Acknowledging counsel’s error, we must also determine whether there is a reasonable probability that, but for this error, the result would have been different (see Mask v McGinnis, 233 F3d at 140; People v Williams, 299 AD2d at 580). To establish such prejudice, defendant must show that the People would have offered a plea deal more favorable than their offer of an aggregate prison term of 8 to 16 years if they had been aware of his actual status and, if such a deal were offered, defendant would have pleaded guilty (see People v Garcia, 19 AD3d at 20-21). Defendant does not present any evidence that the People would have offered a more favorable plea had his true status been known, instead merely relying on the assumption that first-time violent offenders will always receive more favorable plea offers than predicate offenders.
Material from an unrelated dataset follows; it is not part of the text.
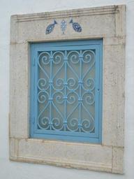| Keywords: Fenetre Sidi Bou Said.JPG Fenêtre en fer forgé de Sidi Bou Saïd Tunisie surplombée par des poissons symbole de protection contre le mauvais sort own 2008-10-02 Moumou82 Own work all rights released Public domain Buildings in Sidi Bou Said Barred windows in Tunisia Wrought iron |

As there is no evidence that the People based their plea offer on the belief that defen*941dant was a predicate offender (compare id. at 21; Mask v McGinnis, 233 F3d at 141), we are unpersuaded that a change in his status would have led to a more favorable plea offer, especially considering the serious nature of the charges here. Significantly, in Garcia and Mask, the People were offering the lowest sentences available based upon the defendants’ incorrect prior criminal records, and indicated a willingness to negotiate lower sentences if possible. Here, the People were offering mid-range sentences on two counts of the indictment, with no record indication of a willingness to negotiate further within the permissible sentencing range.
Defendant also failed to present objective evidence that, if given the opportunity, he would have accepted a more favorable plea offer (see United States v Gordon, 156 F3d 376, 381 [1998]). Defendant relies solely upon his own self-serving affidavit in which he states that had a more favorable offer been extended, he “would have considered [it].” While there is no record evidence as to what sentence defendant would have been willing to accept, based on the charges he faced it is unlikely that there would have been a significant disparity between an offer made with knowledge that defendant was a first-time felon and the 8-to 16-year term that he was offered (cf. Mask v McGinnis, 233 F3d at 142). As defendant rejected an offer of 8 to 16 years in prison and was willing to go to trial facing a term with a maximum of life imprisonment, and he failed to provide a definitive statement as to what sentence he would have accepted, we are not convinced that defendant would have accepted a more favorable offer had it been made. Thus, we cannot find that counsel’s misconception during plea negotiations caused defendant any prejudice.
Crew III, J.P., Peters, Mugglin and Rose, JJ., concur. Ordered that the order is affirmed.